約14万の事業を、内閣府の70〜80人で審査していた。ほとんどの事業をまともに把握しておらず、コロナ対策や地方創生に関係のないとして審査で却下した計画の件数さえ、黒田次長は「手元に資料がない」と回答できなかった。
そもそも、地方創生臨時交付金の制度開始時、内閣府の村上敬亮審議官(当時)は記者ブリーフィングで「深く審査はしない」「細かく審査しないで数千万や1億を使うことになるが、自治体を信じている」などと発言している。蓮舫議員は質した。

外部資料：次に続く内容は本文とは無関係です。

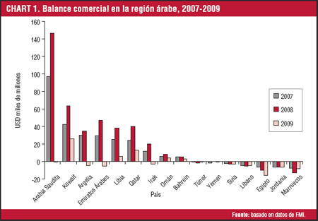 Todos los países árabes – ya sean exportadores de petróleo o no – sentirán el embate de la crisis en sus cuentas comerciales. Mientras los primeros se ven afectados por las fluctuaciones en el precio del petróleo y la caída de la demanda, los últimos verán una disminución de sus exportaciones a Europa y los países del Golfo debido a la disminución de la demanda, y todos ellos deberán limitar sus importaciones. Junto con los elevados costos relativos de la mayoría de las importaciones necesarias, como los productos alimenticios, el impacto en el equilibrio comercial de la región será dramático.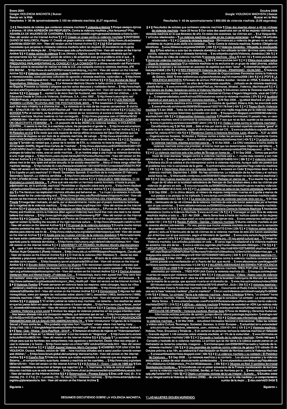 Utilizando el buscador por años de Google para dos años diferentes y separados casi una década, se generan unos resultados que, al comparalos, nos dan una clara idea de lo pasmoso del aumento de las cifras sobre este asunto. Y de lo escandaloso de que, a pesar de que se hable más y más de ello, las mujeres sigan muriendo por el mismo motivo.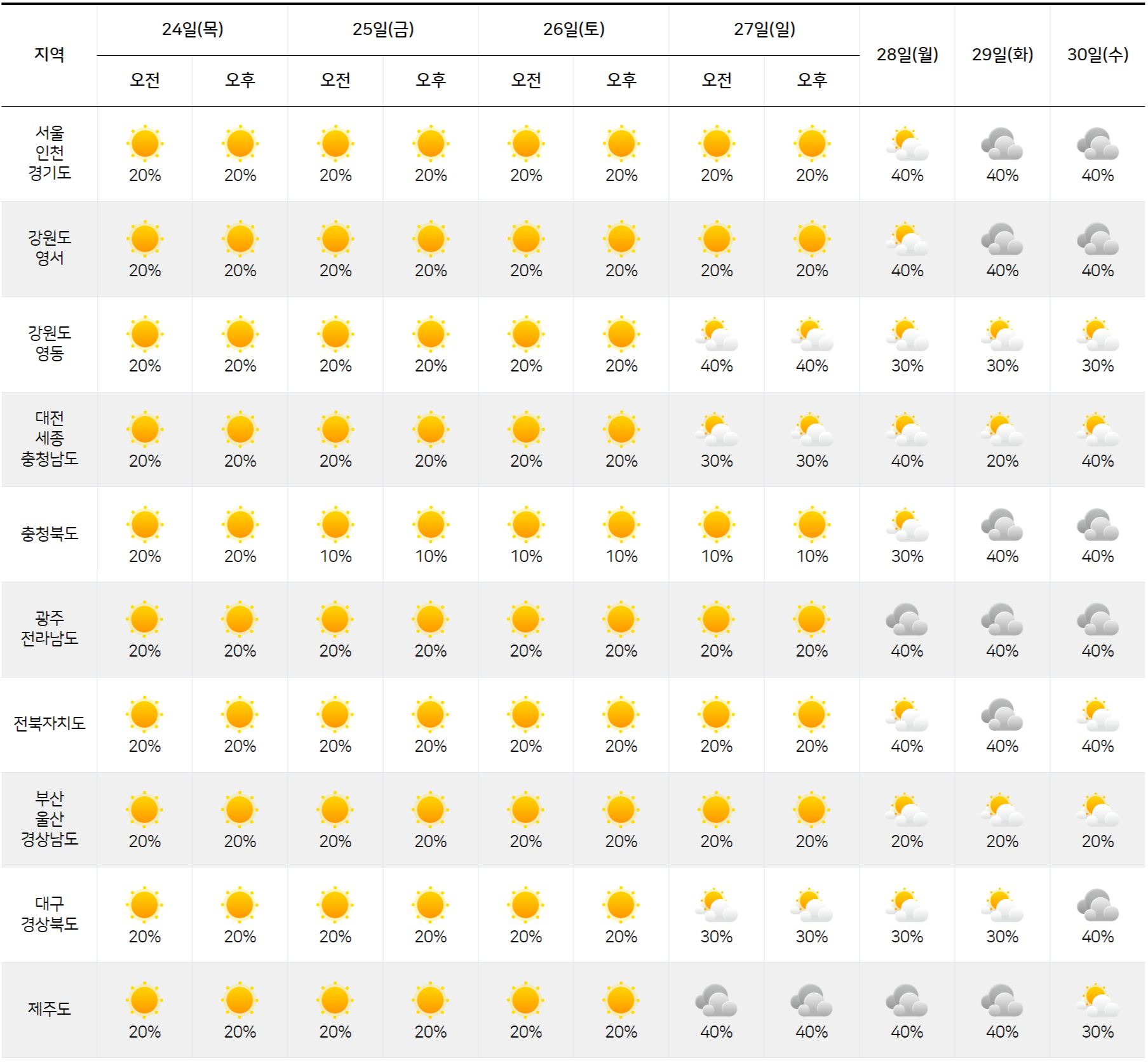 * 이번 예보기간 대체로 맑은 날이 많겠으나, 27일(일)~30일(수)은 구름 많거나 대체로 흐리겠습니다.

「そもそも、計画も確認しない制度として創設されたんですか」
黒田次長は同様の答弁を繰り返した。
「当時、感染拡大防止に対する対策が急務であった」
「自治体がなるべく早く感染防止策などを講じられるよう、スピード感を持って内閣府としても審査した」
●岸田首相「国民に説明する努力」が必要
岸田首相は、蓮舫議員の質疑を時々うなずきながら聞いていた。質問の終盤で、地方創生臨時交付金の制度自体を見直すべきではないかと問われ、答弁に立った。「自治体の判断を尊重する」とした上で、次のように言った。
「委員のご指摘のように、地方自治体自身の説明責任と合わせて政府としてもしっかり検証しなければならない」
「国としてもしっかり検証をし、国民の皆さんにしっかり説明をする、こうした努力はしなければならないと思います」
※この記事の内容は、2022年5月30日時点のものです。